He heard a tape. Good member of AA. And he heard a tape that Joe and I and it moved him so much, he hopped a plane from Dallas and came out here. And I'm not sure. I think he calls me his sponsor.
When I look back, done so much work with the disciplines of 10, 11. And I suspect at times, he will come to me for spiritual guidance. I go to him for common sense and discipline. Some of you can relate to that. He's a next marine.
He gets up at 4 am, 7 days a week. He's 71 years old. He goes to a gym. He runs between 3 5 miles 5 days a week and lifts iron the other times. And he goes back home and from 5:30 to 6:30, he does prayer Helps a lot of people.

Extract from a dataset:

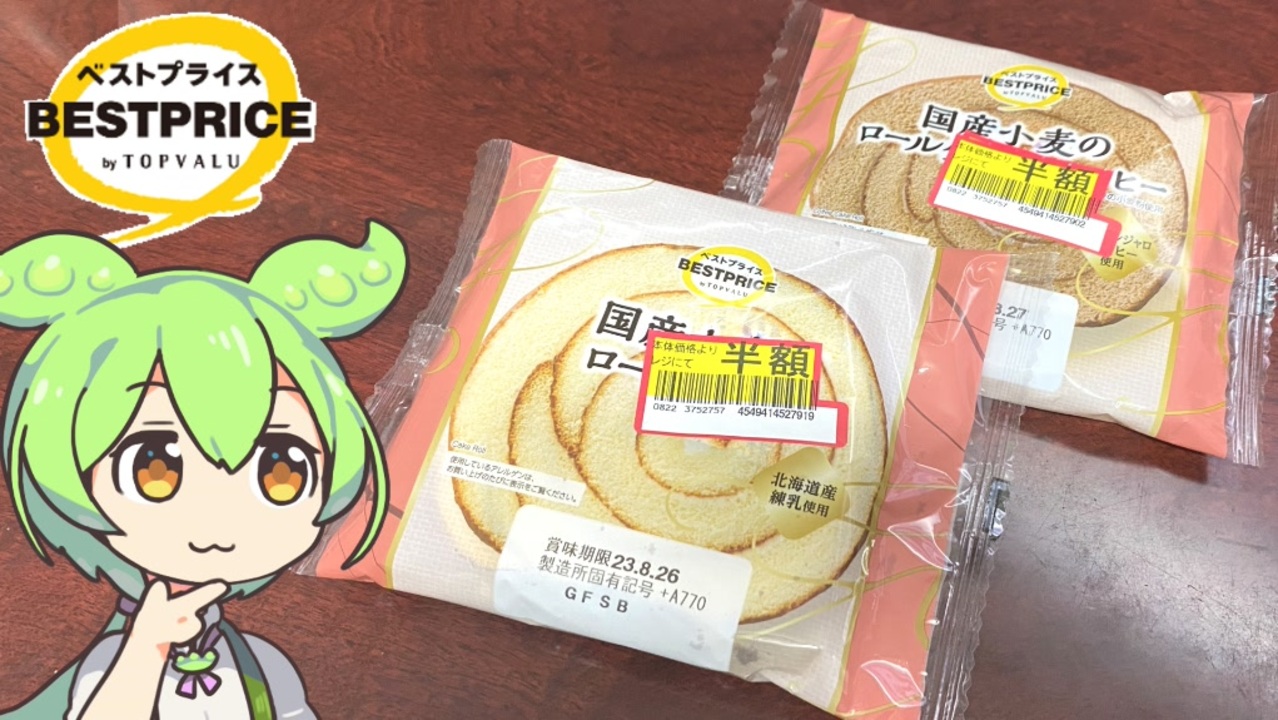 半額になって山積みされてました。<br><br><br>【参考】<br>国産小麦のロールケーキ(トップバリュ)<br><a href="https://www.topvalu.net/items/detail/4549414527919/" target="_blank" rel="noopener nofollow">https://www.topvalu.net/items/detail/4549414527919/</a><br>国産小麦のロールケーキ コーヒー(トップバリュ)<br><a href="https://www.topvalu.net/items/detail/4549414527902/" target="_blank" rel="noopener nofollow">https://www.topvalu.net/items/detail/4549414527902/</a><br>神戸屋<br><a href="https://www.kobeya.co.jp/" target="_blank" rel="noopener nofollow">https://www.kobeya.co.jp/</a><br>5つに切ったロールケーキ(山崎製パン)<br><a href="https://www.yamazakipan.co.jp/product/04/5cut-roll-vanilla.html" target="_blank" rel="noopener nofollow">https://www.yamazakipan.co.jp/product/04/5cut-roll-vanilla.html</a><br><br><br><br>【使用した素材】(※敬称略)<br>(合成音声)VOICEVOX/ずんだもん/四国めたん/<br><a href="https://voicevox.hiroshiba.jp/" target="_blank" rel="noopener nofollow">https://voicevox.hiroshiba.jp/</a><br>(立ち絵)坂本アヒル<br><a href="https://seiga.nicovideo.jp/seiga/im10788496" target="_blank" rel="noopener">im10788496</a>/<a href="https://seiga.nicovideo.jp/seiga/im10791276" target="_blank" rel="noopener">im10791276</a><br>(楽曲)甘茶の音楽工房/「楽しい麦畑」「お城の舞踏会」<br><a href="https://amachamusic.chagasi.com/" target="_blank" rel="noopener nofollow">https://amachamusic.chagasi.com/</a><br><br>
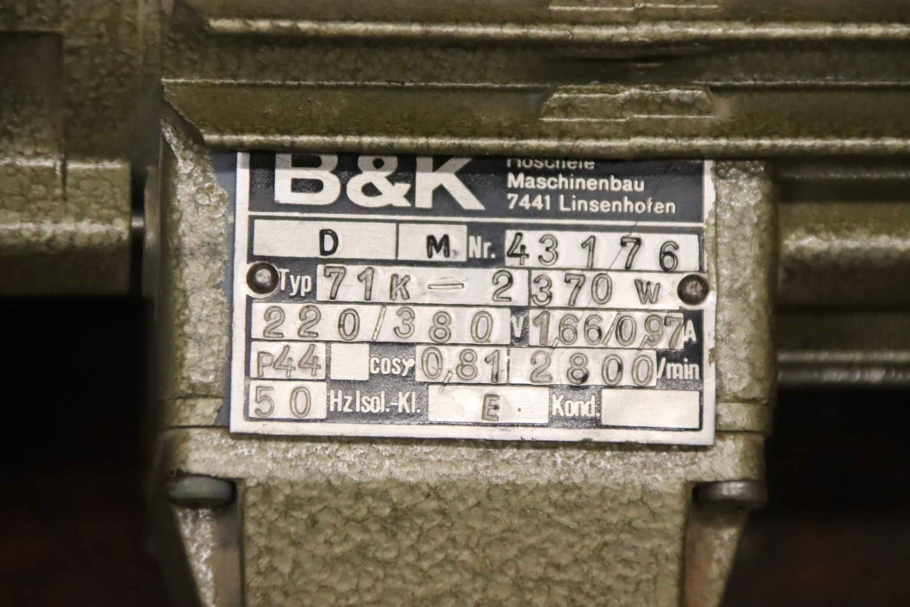 gear motor, electric motor -Engine Manufacturer: Nord SK71L/4 -Speed: 53 rpm -Engine power: 0.37 kW -Type: B3 -Drive shaft: Ø 20 mm -Protection class: IP 54 -Dimensions: 430/140/H200 mm -Weight: 14 kg

Has tremendous balance in his life. Those are the kind of people that I'm trying to find all the time. He's got some things I want. At 71 years old, I wanna be trucking 3 to 5 miles a day. You know, you've been married the same woman for 30, 31 years now.
I have no frame of reference for that one. Matter of fact, I don't read sex inventory to him because I've been married and divorced 4 times. He has no frame of reference for me. I need to read inventory to guys who've been married and divorced 4 times and don't do that anymore. See, I wanna tell you something and it's important for me.
Find people who've had an experience and that you want what they have and go find out what they do. But people who haven't had the experience cannot help you. So those are some of the things that I still continue to do with steps 1011. Last couple years, in terms of be quick to see religious people, right? I've been doing a bunch of work and practices with the book called the power now by Eckhart Toll and with the four agreements.
And when I get a book by the way, I'm not looking for knowledge. I'm educated way past my intelligence. I'm looking for practices that I can begin to work with that will show up in my life so I can give my books away. That it becomes a part of my life. And then you practice, Practice.
Practice over and over and over. You know, that thing we hate called repetition. So that's what that's some of the stuff that I do with the 10th and the 11th step. My life is exciting because there's no end to it. There's always places to go and things to learn.
But to do it along with and and not instead of. So let's talk about the 12 step and sponsorship for lack of a better word. That word is not used in the big book. It certainly alludes to a relationship between 2 people. This is what I currently do which is again, this has changed tremendously over the years.
I made every mistake in working with others you can make. Something to do with you. You get attached to it. You develop these dependencies, relationships. I've gone through all that kind of stuff.
But here's how it looks today. If a person comes to me today and says, will you sponsor me? I don't say yes. I tell them that I will consider that. And we normally do exactly what the big book says in working with others, is I will meet with them for the first time and I will try and find out all I can about them.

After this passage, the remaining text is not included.